**Exercise requirements**
Without any pictures, print exactly the lines that run from the start of the data through the line containing "Large Packing Cubes".
☆ ☆ ☆ ☆ ☆ ☆ ☆
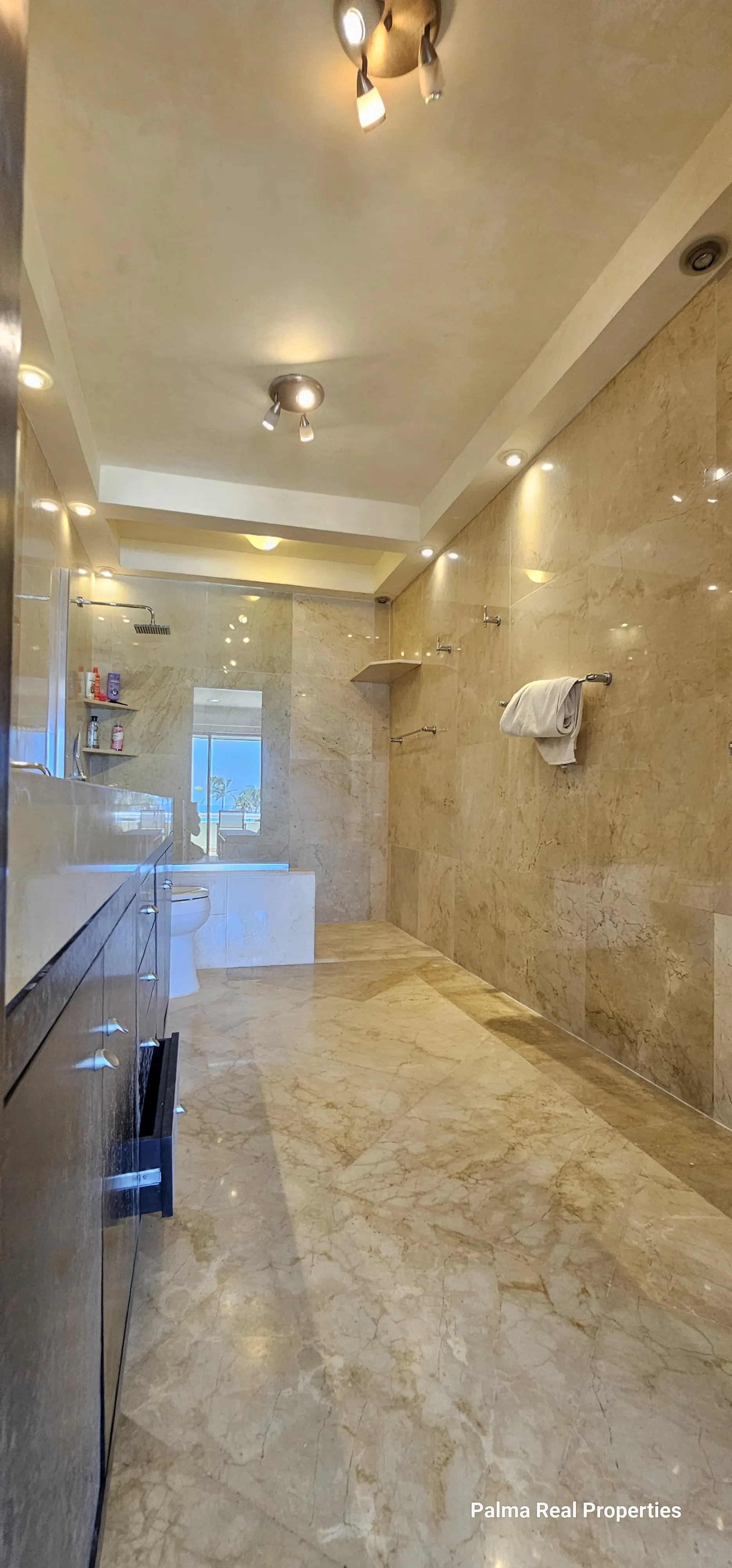 The entire floor of the villa is covered in Italian Carrara marble, introducing a touch of elegance to every corner. The ensuite bathroom in the primary bedroom is fully clad in marble, creating a spa-like atmosphere within the home. All bedrooms have independent air conditioning units, ensuring maximum comfort for every family member or guest.
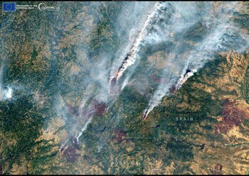 Copernicus ha elegido como imagen del día una foto tomada el 16 de agosto por el Sentinel-2 que muestra densas columnas de humo que se elevan desde los incendios activos cerca de Ourense (Galicia).
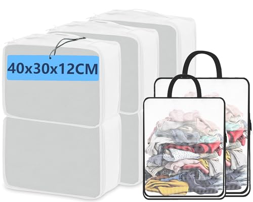 Large Packing Cubes with Laundry Bag, 8 PCS Travel Essentials include 6 Same Size Packing Cubes for Suitcases and 2 PCS Big Mesh Laundry Bags (6PCS Large White+2 Laundry Bags)
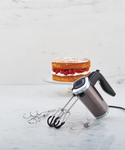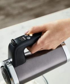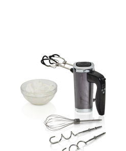 Bake, whip, or cream your favourite foods with this PADERNO 10-Speed High Power Hand Mixer. It has a powerful motor along with a range of attachments, so you can accomplish any cooking task with ease. Choose from 10 variable settings to get the consistency you need, whether you’re whipping cream or making the perfect mashed potatoes. The hand blender features a digital timer so you can easily see how long you’ve been mixing. An ergonomic handle and controls provide superior comfort you can feel, especially when you spend hours in the kitchen. You’ll find this electric mixer features a number of useful attachments, including silicone-coated beaters which are safe for non-stick cookware, dough hoods for mixing and kneading doughs for bread or pizza, and a whisk attachment that whips cream or egg whites to fluffy perfection. Add to this a sleek black stainless steel finish, and you have the ideal electric hand mixer for virtually any home chef.
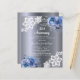 For an elegant and romantic 25th wedding anniversary, silverwedding. A dark faux silver looking background decorated with blue florals, roses, white lace. Personalize and add your names and details.
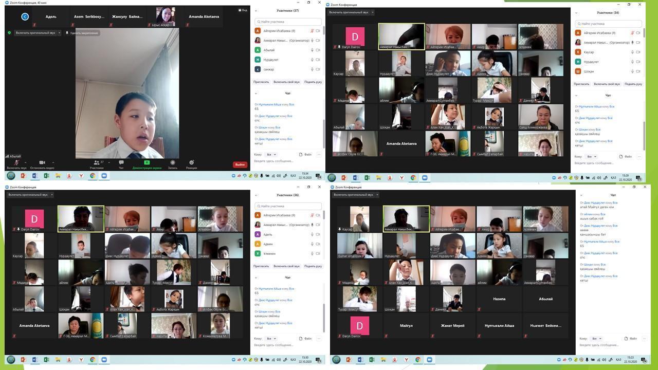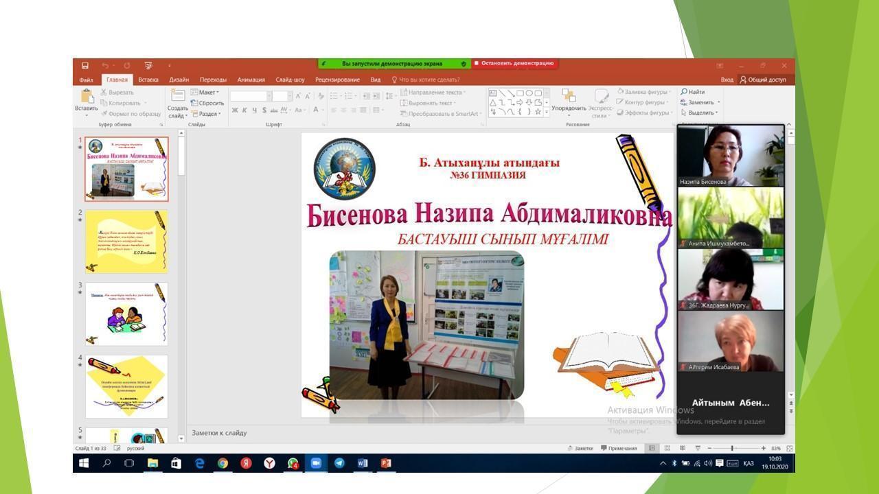 16.10.2020 күні А.Исабаева «Жай бөлшек. Жай бөлшекті оқу, жазу» тақырыбында ашық сабақ өтті. Сабақта zoom-ның барлық мүмкіндіктері қолданылды. Жаңа сабақты мұғалім сызбалар мен слайдтар арқылы түсіндіріп  және графикалық планшетті ұтымды колданды. Оқушылар белсенділік танытты.
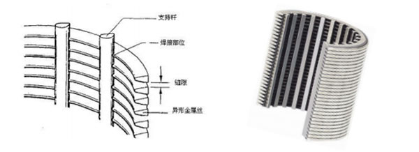 楔形网(Wedge Wire Screen) ,又称为约翰逊滤网(Johnson Screen) ,是应用特制不锈钢梯 形(楔形)丝(绕条)绕组在一圆周式排列的一组纵向支撑杆(筋条、托条)上焊制而成的滤芯,其筛管缝隙间会形成明显的 V 字形开口。
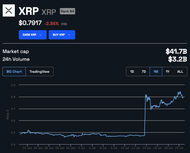 20일(현지시각) XRP 가격은 전월 대비 70% 상승한 0.79달러로, 같은 기간 5% 상승한 전체 암호화폐 시장을 월등히 능가하고 있다.
☆ ☆ ☆ ☆ ☆ ☆ ☆
**Exercise solution**
 The entire floor of the villa is covered in Italian Carrara marble, introducing a touch of elegance to every corner. The ensuite bathroom in the primary bedroom is fully clad in marble, creating a spa-like atmosphere within the home. All bedrooms have independent air conditioning units, ensuring maximum comfort for every family member or guest.
 Copernicus ha elegido como imagen del día una foto tomada el 16 de agosto por el Sentinel-2 que muestra densas columnas de humo que se elevan desde los incendios activos cerca de Ourense (Galicia).
 Large Packing Cubes with Laundry Bag, 8 PCS Travel Essentials include 6 Same Size Packing Cubes for Suitcases and 2 PCS Big Mesh Laundry Bags (6PCS Large White+2 Laundry Bags)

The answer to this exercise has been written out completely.